The return type of your function is determined by the type of the expression in the single return
statement. 函数的返回类型由单个return
语句中的表达式类型决定。 In your case the statement is: 您的情况是:
return context != nullptr ? maybe(evaluator(context)) : nullptr;
The returned expression is a ternary operator whose two potential values have different types ( Maybe<C>
, for some class C
not necessarily T
, and nullptr_t
). 返回的表达式是一个三元运算符,其两个潜在值具有不同的类型( Maybe<C>
,对于某些类C
不一定是T
,并且为nullptr_t
)。 This is only well-formed if one of the types is implicitly convertible to the other. 仅当其中一种类型可以隐式转换为另一种类型时,这种格式才正确。 Normally nullptr_t
converts only to/from other pointer types, so let's look at the implicit conversions defined for Maybe
(there's only one): 通常, nullptr_t
仅与其他指针类型进行转换,因此让我们看一下为Maybe
定义的隐式转换(只有一个):
Maybe(T *context) : context(context) { }
A pointer type can be converted to a Maybe
. 指针类型可以转换为Maybe
。 So nullptr
gets converted to C*
which then gets converted to a Maybe<C>
object (whose context is null). 因此,将nullptr
转换为C*
,然后将其转换为Maybe<C>
对象(其上下文为null)。 Again, I'm using C
instead of T
because this type need not be the same template parameter that is part of the type of *this
. 同样,我使用C
而不是T
因为此类型不必是*this
类型的一部分的同一模板参数。 The returned type is the same regardless of the value of context
. 无论context
的值如何,返回的类型都是相同的。
If you want to see this implicit conversion break, make the conversion to Maybe
explicit, as in explicit Maybe(T *context) : context(context) { }
. 如果您希望看到这种隐式转换中断,请像explicit Maybe(T *context) : context(context) { }
一样,将转换转换为Maybe
。
auto
isn't magical. auto
不是魔术。 It it simply a placeholder that your compiler fills in with a concrete, deduced type. 它只是一个占位符,您的编译器将其填充为具体的推断类型。 The end result is exactly the same as if you had written the deduced type manually. 最终结果与您手动编写推断类型完全相同 。

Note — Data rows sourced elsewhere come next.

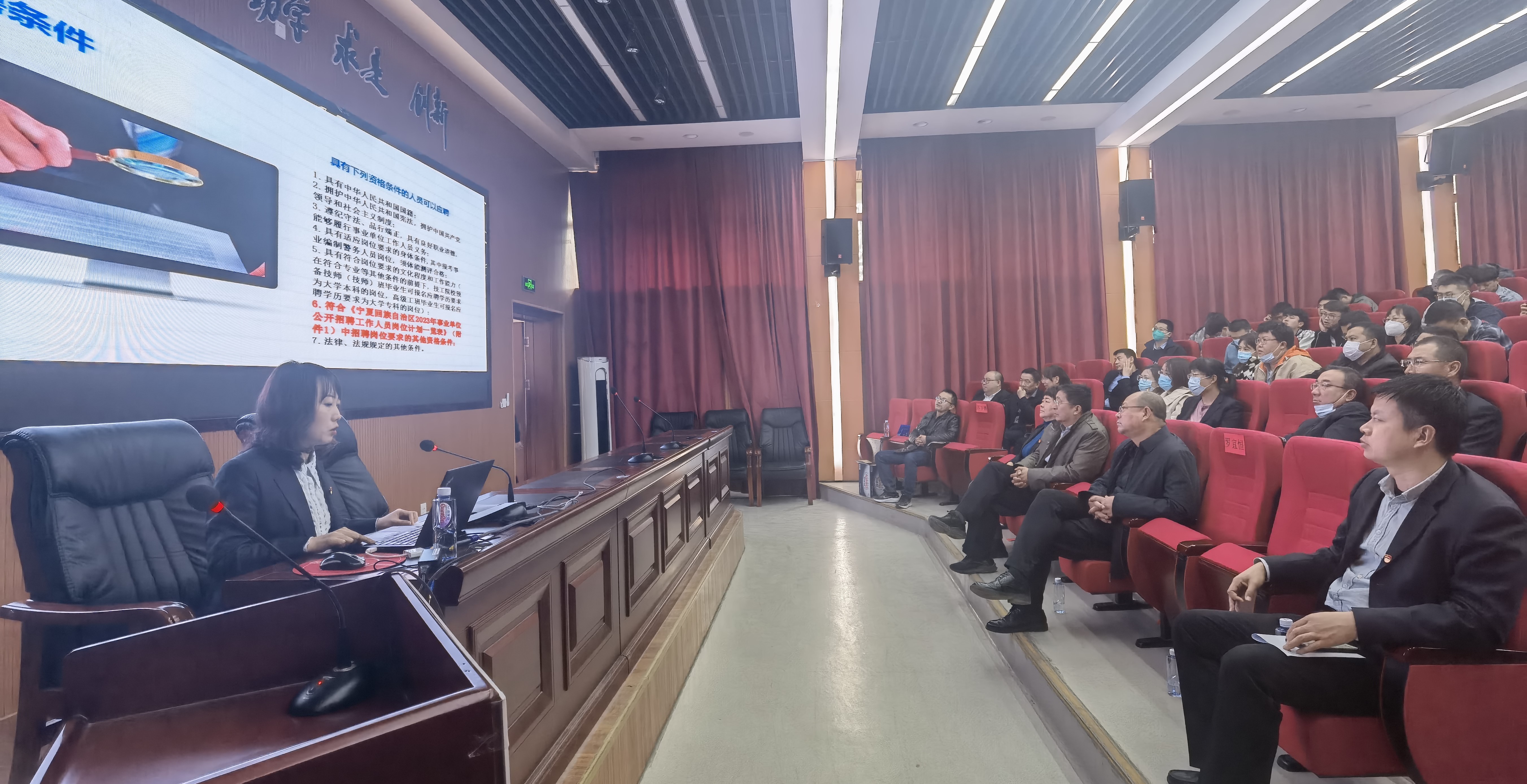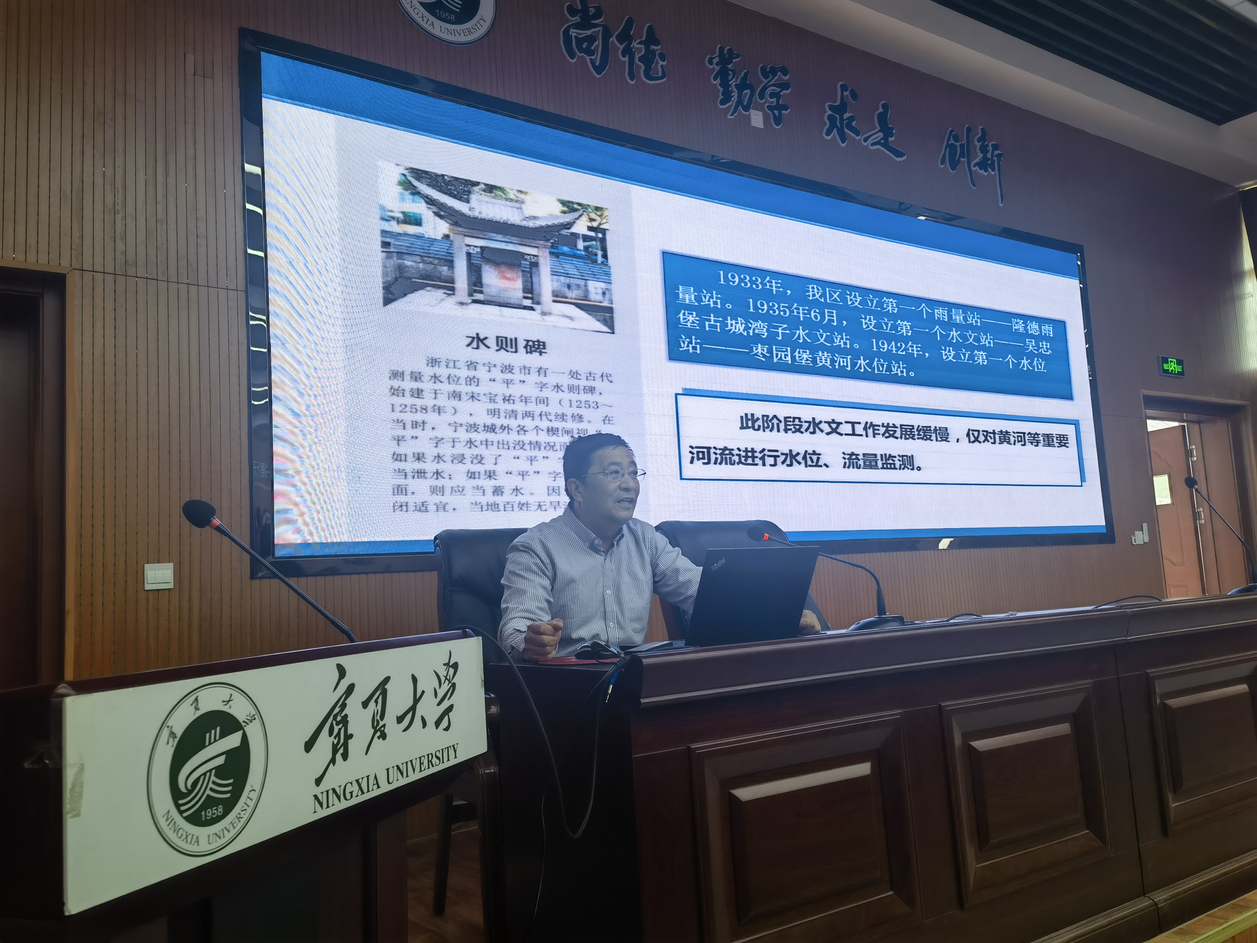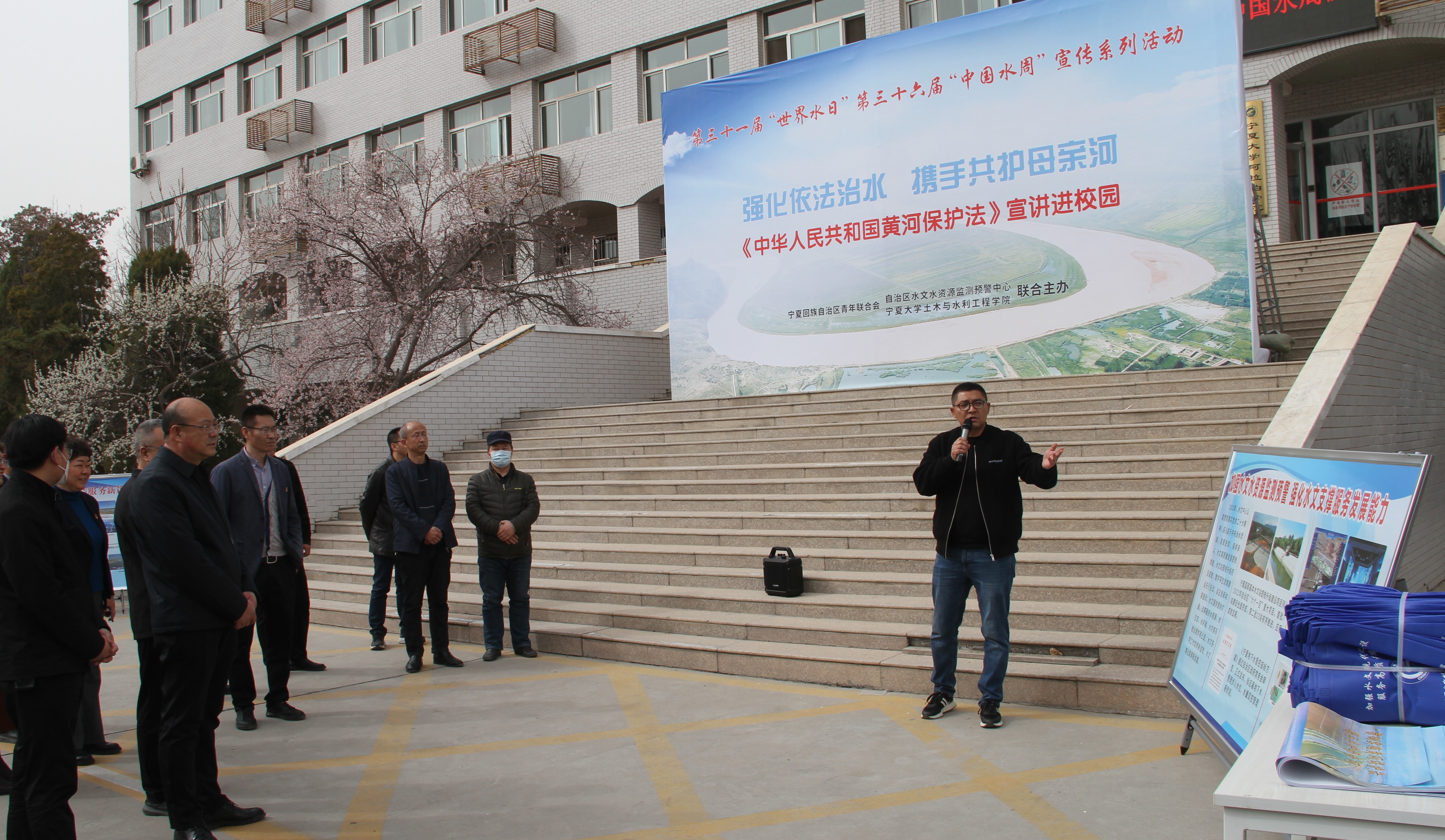 活动开幕式上,陈晓敏书记、侯树增书记、李海波副主任分别致辞,杜历主任宣布活动开始。宣讲人员通过宣传展板、发放彩页、短视频和讲座等多种方式向师生宣传节约用水、水生态保护和 “关爱母亲河”等方面的内容。杜历作了题为《宁夏水文发展历史及水文现代化建设》的报告,水文中心监察室主任陈雪作了题为《中华人民共和国黄河保护法》的宣讲,组织人事科科长李笑翔对宁夏事业单位人才招聘政策和水文中心人才招聘情况进行了解读。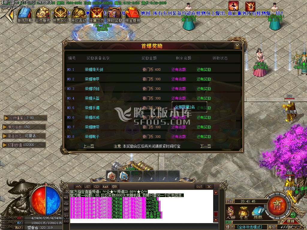 测试区:打无限打粉色怪物回收元宝正式开区可以领取起步阶段快。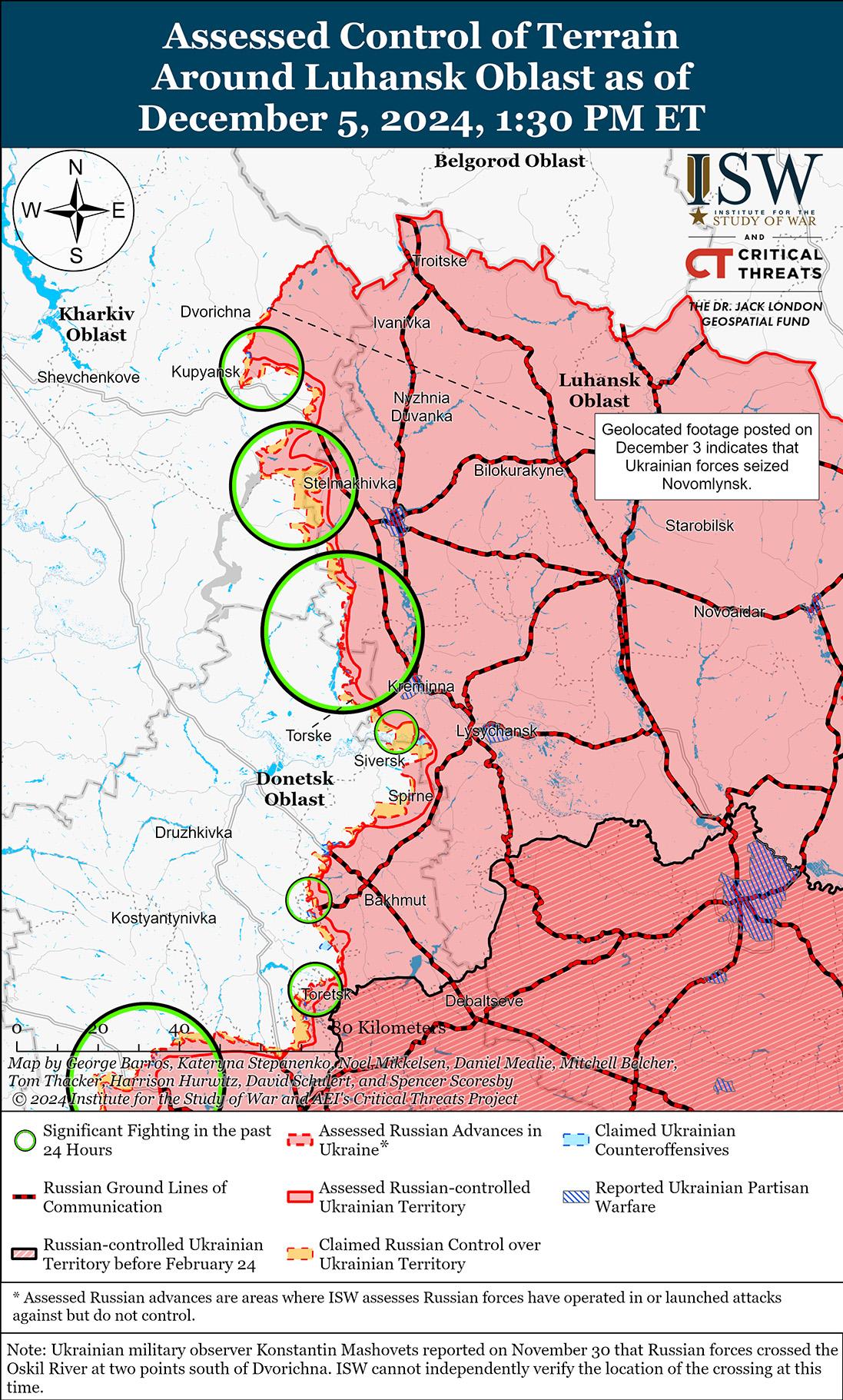 Российские войска продолжали наступательные операции вдоль линии Купянск-Сватово-Кременная 4 и 5 декабря, но не добились никаких подтвержденных успехов. Российский военблогер утверждал, что российские войска продвинулись до одного километра к востоку от Кругляковки (юго-восток от Купянска), к западу от Сватово около Копанок, до четырех километров около Зеленого Гая и на северо-восточных подступах к Лозовой.[25] Однако ISW не обнаружил подтверждения этих заявлений. Российские военблогеры признали недавние украинские сообщения о том, что украинские войска недавно захватили Новомлынск (севернее Купянска) и сделали аналогичные заявления.[26] Один военблогер утверждал, что украинские войска сначала захватили тактическую высоту на западной окраине Новомлынска, прежде чем атаковать поселок с запада и юга.[27] Российские войска продолжали наступление к северо-востоку от Купянска около Синьковки; к северу от Купянска около Двуречной; к востоку от Купянска в районе Петропавловки и Кучеровки; к юго-востоку от Купянска в районе Новой Кругляковки; к западу от Сватово в районе Лозовой, Первомайского и Зеленого Гая; к юго-западу от Сватово в районе Грековки, Новоегоровки и Дружелюбовки; к северо-западу от Кременной в районе Макеевки и Терн; к юго-западу от Кременной в районе Серебрянского леса; и к западу от Кременной в районе Ямполовки, Заречного и Торского 4 и 5 декабря.[28] Представитель украинской бригады сообщил 5 декабря, что российское военное командование использует свое превосходство в живой силе в атаках на Купянском направлении, чтобы компенсировать плохую подготовку российского персонала.[29] Сообщается, что операторы беспилотников 16-й бригады специального назначения ВС РФ (Главное управление Генерального штаба ВС РФ [ГРУ]) продолжают действовать в районе Заречного.[30]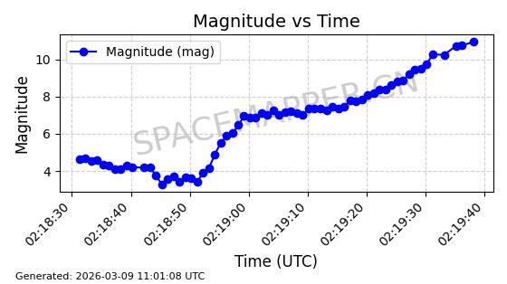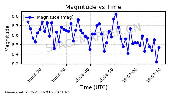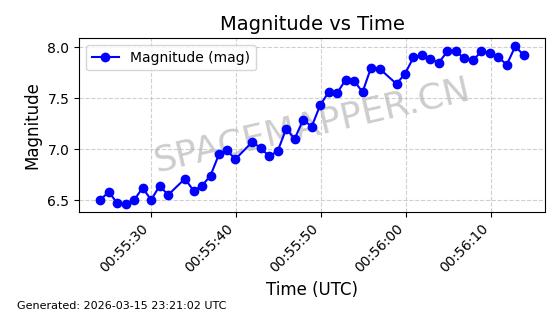 | STARLINK-30303 | 57677 | 57677 | 2023-08-22 同日期轨道 2023-124Q 同批次轨道 | 在轨 | 94分钟 | 53.1607 | 474.479 | 475.939 | 0.0001065 | 2026-03-14 14:16:01 | ||

"If I correctly understand when we return nullptr, it will create also new object through constructor". “如果我正确理解何时返回nullptr,它将通过构造函数创建新对象”。 No. Returning nullptr
does not call any constructors. 否。返回nullptr
不会调用任何构造函数。 It simply returns a null value of the appropriate type. 它只是返回适当类型的空值。 No object is constructed. 没有构造对象。
"Which type will be instead auto" - The return tupe will be whatever the type of what you actually return is . “哪种类型将代替汽车” -返回TUPE将是什么的你实际上会返回类型 。 And that can only ever be one specific type. 那只能是一种特定的类型。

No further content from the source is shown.